Key reward components are:
- Outcome Reward: Terminal answer and formatting correctness.
- Strategy Shaping: Reward for required tools (with continuous improvement for crops via IoU) and empirical bonuses for optional but advantageous emergent tools.
- Constraint Penalties: Turn-limit, poor reasoning, and inappropriate tool-use penalties to suppress inefficient/hacky trajectories.
Comprehensive evaluation on a suite of robust vision-language benchmarks—spanning single-tool (V*, HRBench), multi-tool (MVToolBench), and orientation/transformation-heavy tasks (OCRBench, ChartQAPro with rotations/flips)—demonstrates substantially improved performance over both the base architecture and leading baselines.
- CodeVision-32B achieves 79.5 average accuracy on transformed OCRBench (+24 over Qwen2.5-VL-32B) and sets a new SOTA on the compositional MVToolBench with 65.4, more than double the score of the next-best model.
- Sample efficiency and stability throughout RL training are documented, with process rewards accelerating strategic policy discovery.
Figure 3: A multi-turn example of error recovery. The model initially calls the wrong tool (flip-horizontal), but after receiving the execution result, it identifies the mistake and corrects it by applying the right tool (rotate-90).
Qualitative analysis highlights:
- Multi-turn error recovery: The agent can recover from initial mistakes via runtime feedback.
- Emergent, efficient tool chaining: The agent spontaneously discovers and applies new compositions, sometimes combining tools unseen during RL.
- Failure suppression: Dense penalties effectively prevent "reward hacking" and superfluous tool invocation, focusing the model on deliberate, necessary actions.
Figure 4: An example of emergent and efficient tool use. The model chains two tools, contrast enhancement and grayscale conversion, within a single turn to fulfill the user's request. These tools did not appear in the RL training set, demonstrating the generalization capability of the code-as-tool framework.
Figure 5: An example of emergent and efficient tool use. The model chains ``brightness up, contrast up, crop, rotate90, sharpness'' tools to solve the user's request.

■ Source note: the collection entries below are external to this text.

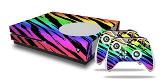 WraptorSkinz Decal Skin Wrap Set works with 2016 and newer XBOX One S Console and 2 Controllers Tiger Rainbow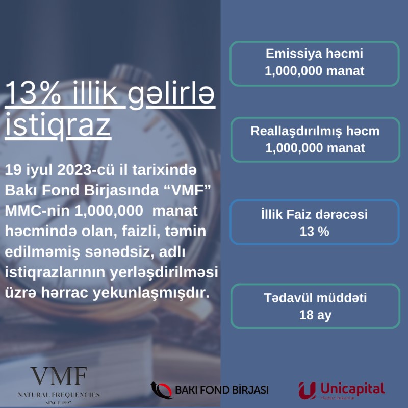Bakı Fond Birjasının da yaydığı məlumatda bildirilir ki, 19 iyul 2023-cü il tarixində Bakı Fond Birjasında “VMF” MMC-nin tədavül müddəti 18 ay, nominal dəyəri 100 manat olan AZ2001025488 dövlət qeydiyyat nömrəli 1 milyon manat həcmində olan, faizli, təmin edilməmiş sənədsiz, adlı istiqrazlarının yerləşdirilməsi üzrə birqiymətli hərrac yekunlaşıb.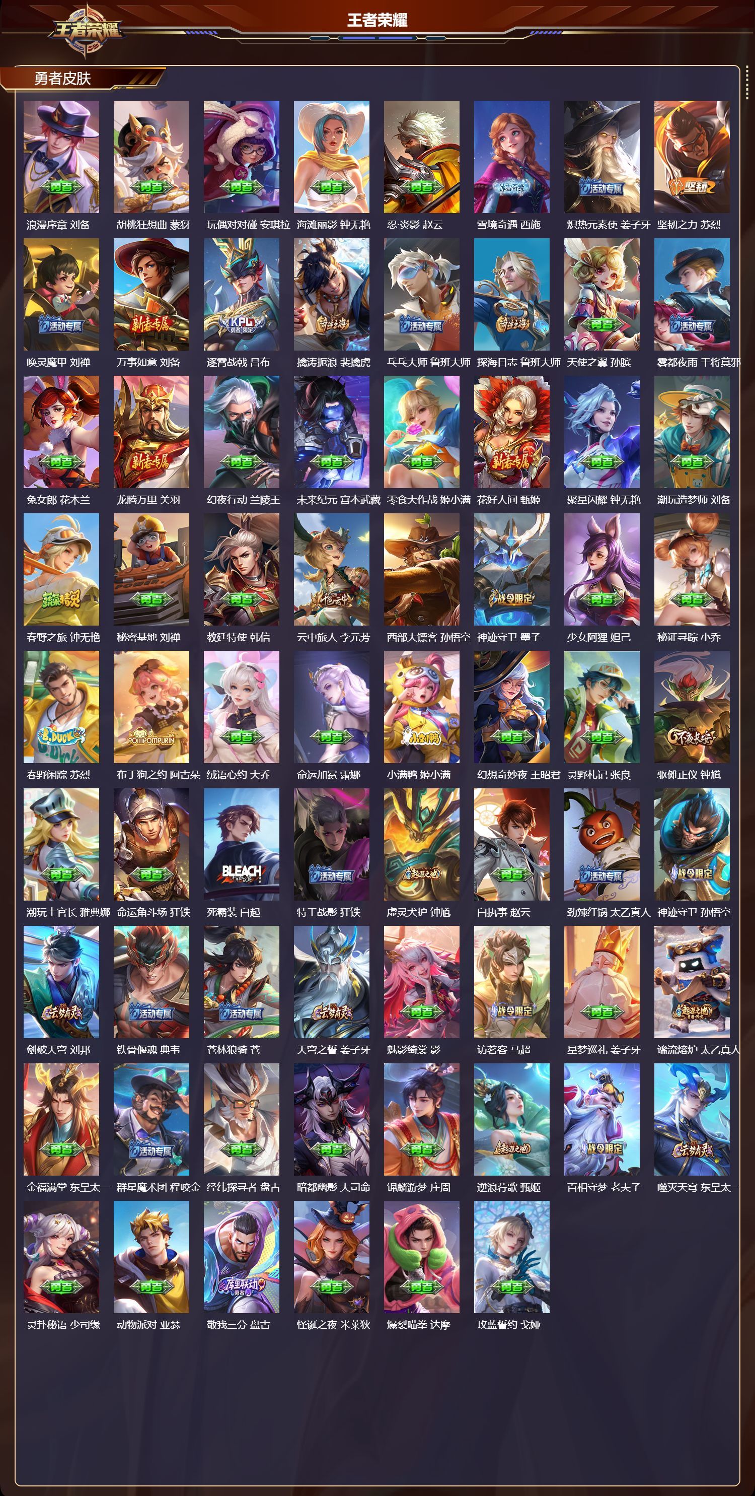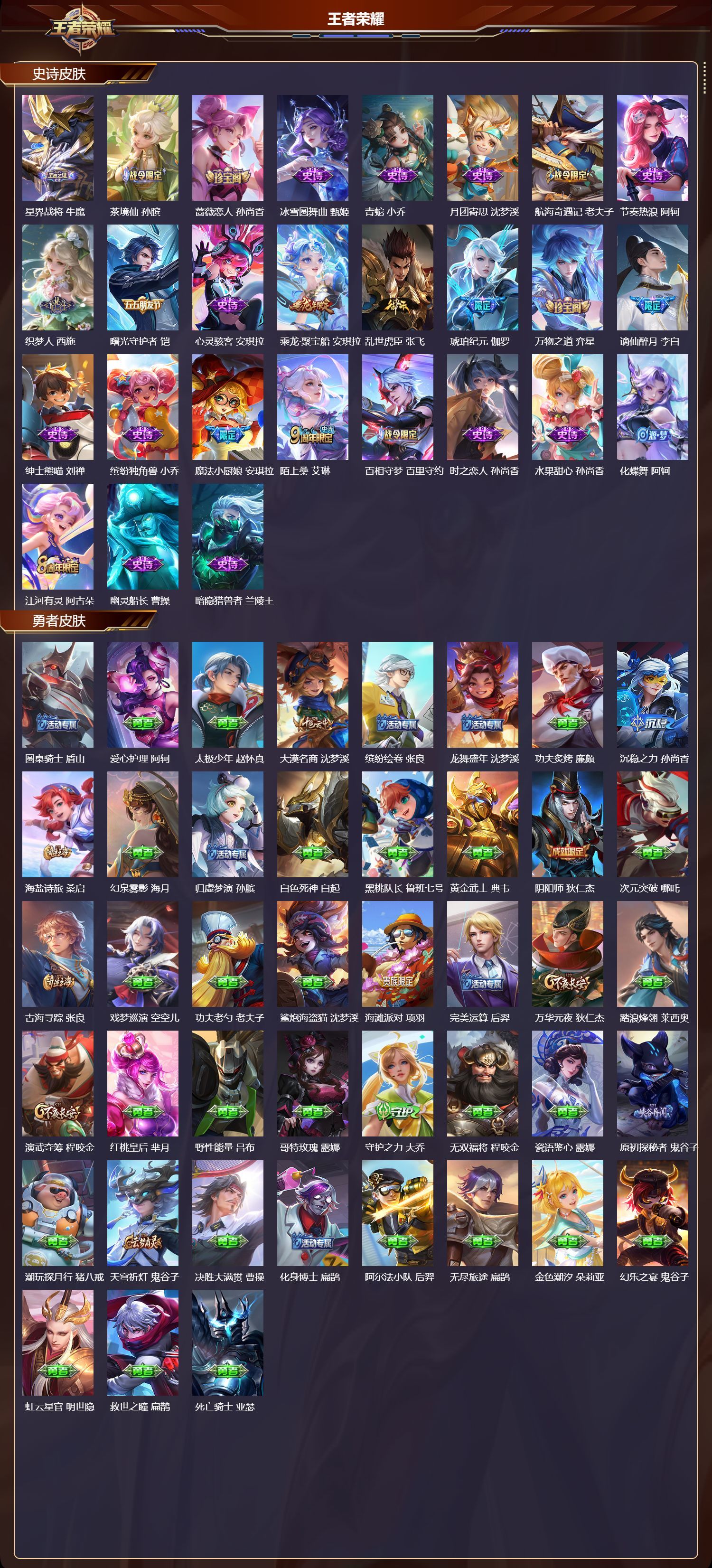 苹果QQ/永恒钻石/256皮肤/124英雄/1典藏/0珍品无双/3无双/5珍品传说/15传说/73史

Figure 6: An example of reward hacking from a model trained without constraint penalties. After correctly applying rotate90, the agent continues to call superfluous tools, leading to task failure.
The case studies surface minor residual limitations, specifically in ultra-precise bounding box localization and occasional inefficiencies, delineating clear directions for further process supervision refinement.
Implications and Future Directions
The "code-as-tool" approach demonstrates that large vision-language agents can be robustified against real-world corruptions, efficiently generalize to new toolsets, and develop sophisticated, deliberate reasoning strategies. Practically, this paradigm removes bottlenecks in tool integration—static APIs, retraining barriers, and limited tool expressiveness—by leveraging the full expressive power of code. This enables agents to harness arbitrary external libraries, APIs, or black-box routines with minimal human intervention.
Theoretically, dense process shaping rewards, combined with code-based action spaces, point to a rich intersection of program synthesis and multimodal RL. Scaling up both the diversity of tools and the richness of supervision holds substantial promise for the emergence of increasingly capable and general multimodal reasoning agents.
Conclusion
CodeVision exposes fundamental brittleness in conventional MLLMs under realistic perturbations and demonstrates that programmatic, code-based tool usage—coupled with rigorous dense reward optimization—enables robust, efficient, and general visual reasoning. Empirical results and qualitative analyses substantiate the emergence of adaptive, compositional, and error-tolerant capabilities, suggesting that viewing image interaction as a programming task can become foundational in next-generation MLLMs. Future research should focus on further expanding tool diversity, refining reward shaping for nuanced tool selection, and exploring broader contexts such as multi-image and online tool integration.